Thank you. If it wasn’t for you, I don’t think I would have made it this far today. From all the way back in middle school to now, there are no words for how much you mean to me.
Thank you for that time I slept over your house for the first time in 7th grade… and got my period. Thanks for discretely getting me a pad and making me feel comfortable, even though it was only the first time we really hung out.
Thank you for always letting me be weird as f*ck, and actually encouraging it. To being mermaids in the pool, to acting as weird creatures on the floor, thank you for giving me a laugh and engaging in these weird acts also.
Thank you for that time you tackled me on the ice when we were ice-skating and I had happened to sit in ketchup. For always having my back at the worst times in my life. From a ketchup butt, now to smudged lipstick across my cheek, thank you.
Thank you for putting up with my assh*ole (ex) boyfriend, even when you didn’t like him. Thank you for letting me love him like I did, even though it was tough to stand back and watch my deterioration.

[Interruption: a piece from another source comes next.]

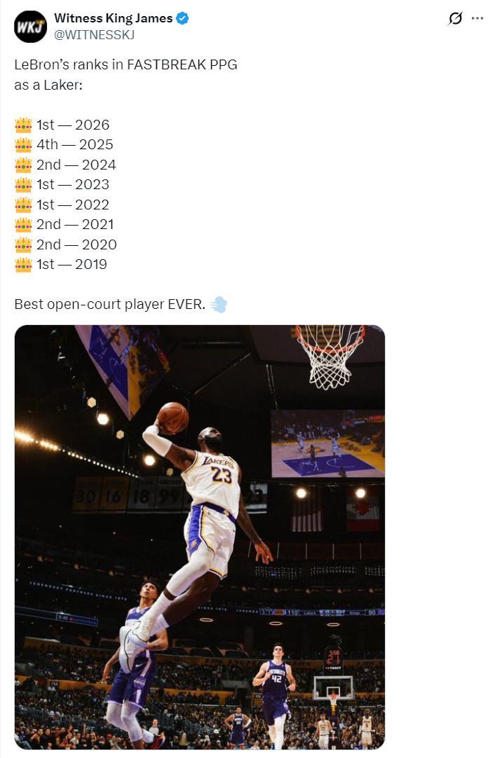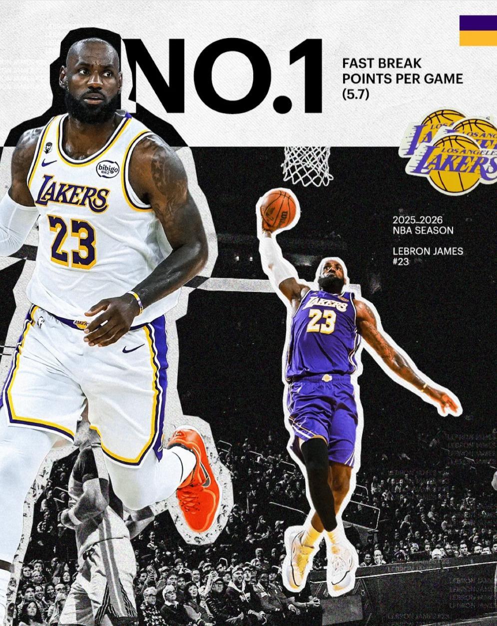 湖人官方在這一天還曬出了勒布朗本賽季場均快攻5.7分聯盟第一,今年12月就要年滿42歲的老將在這項數據上還能獨佔鰲頭足以證明他仍在巔峯。

Thank you for letting go of our friendship, but only for a while. Being told I deserved better was just a thing to be heard, not to be shown. And I only saw it to be true when I never saw you. So thank you for not being my friend for some time, and letting me figure out all the bullsh*t that I called my relationship and my life.
Thank you for being there when I was finally free of a toxic relationship and needed help getting back on me feet. For picking up the pieces of my heart and getting me to finally smile and laugh again and showing me that boys are really only temporary, but friends truly are forever.
Thank you for accepting me as I was, unlike the boy who made me feel unworthy, cold and isolated. Even when I could not even accept myself, you undoubtedly did, for the both of us. Being broken was a hard thing to feel, and you slowly helped me become whole again.
Thank you for not making it awkward, as we became friends again. Thank you for letting me back in and making it feel as though we never stopped talking and being friends. Thank you for letting us pick up our friendship as if nothing had changed, and will ever change again.
Thank you for the mutual unwavering support of being a college student. Man, does it suck. But it sucks a little less with you by my side, or me traveling to be by your side. Thank you for understanding that failing a test wasn’t my fault because the study guide had nothing to do with the actual stuff we were tested on. Thank you for putting up with me on the weekends, especially when my friend grey goose and I got along all to well that one night.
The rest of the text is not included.